Publisher: Library of America
ISBN: 1598537415
Category : Fiction
Languages : en
Pages : 867
Book Description
In the 1960s the masters of crime fiction expanded the genre’s literary and psychological possibilities with audacious new themes, forms, and subject matter—here are five of their finest works This is the first of two volumes gathering the best American crime fiction of the 1960s, nine novels of astonishing variety and inventiveness that pulse with the energies of that turbulent, transformative decade. In The Murderers (1961) by Fredric Brown, an out-of-work actor, hanging out with Beat drifters on the fringes of Hollywood, concocts a murder scheme that devolves into nightmare. This late work by a master in many genres is one of his darkest and most ingenious. Dan J. Marlowe’s The Name of the Game Is Death (1962) channels the inner life of a violent criminal who freely acknowledges the truth of a prison psychiatrist’s diagnosis: “Your values are not civilized values.” Written with unnerving emotional authenticity, the story hurtles toward an annihilating climax. Charles Williams drew on his experience in the merchant marine for his thriller Dead Calm (1963).
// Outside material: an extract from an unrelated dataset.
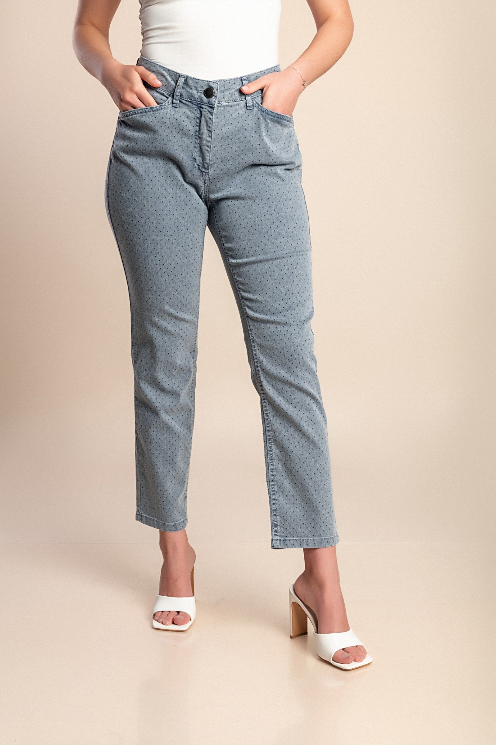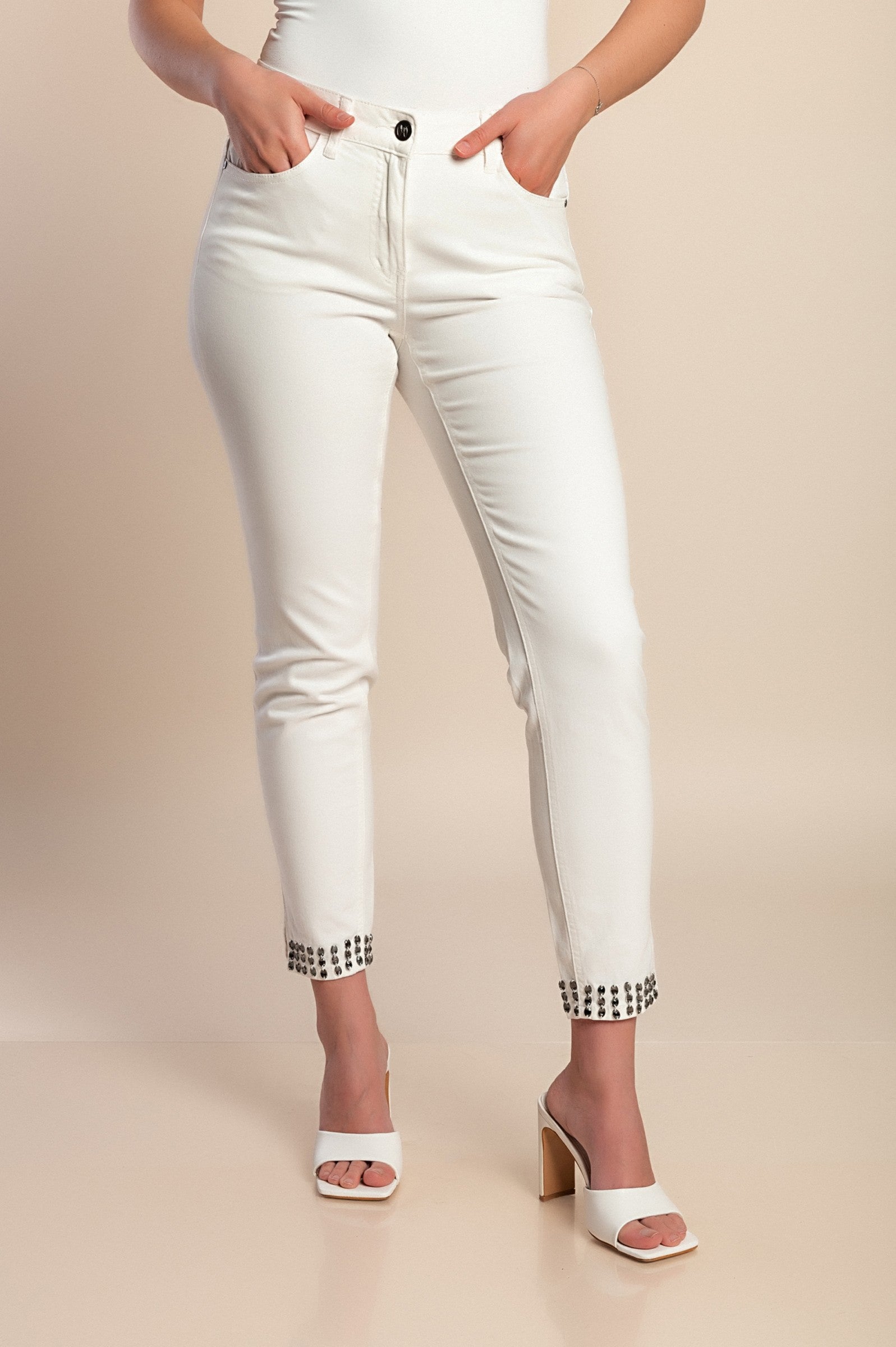 Jeans con rivetti decorativi, bianchi

A newlywed couple alone on a small yacht find themselves at the mercy of the mysterious survivor they have rescued from a sinking ship, in a suspenseful story that chillingly evokes the perils of the open ocean. In the beautifully told and sharply observant The Expendable Man (1963), Dorothy B. Hughes’s final masterpiece of suspense, a young man in the American Southwest runs afoul of racial assumptions after he picks up a hitchhiker who soon turns up dead. In twenty-four brilliantly constructed novels, Richard Stark (a pen name of Donald Westlake) charted the career of Parker, a hard-nosed professional thief, with rigorous clarity. The Score (1964), a stand-out in the series, finds Parker and his criminal associates hatching a plot to rob simultaneously all the jewelry stores, payroll offices, and banks in a remote Western mining town, only to come up against the human limits of even the most intricate planning. Volume features include an introduction by editor Geoffrey O'Brien (Hardboiled America), newly researched biographies of the writers and helpful notes, and an essay on textual selection.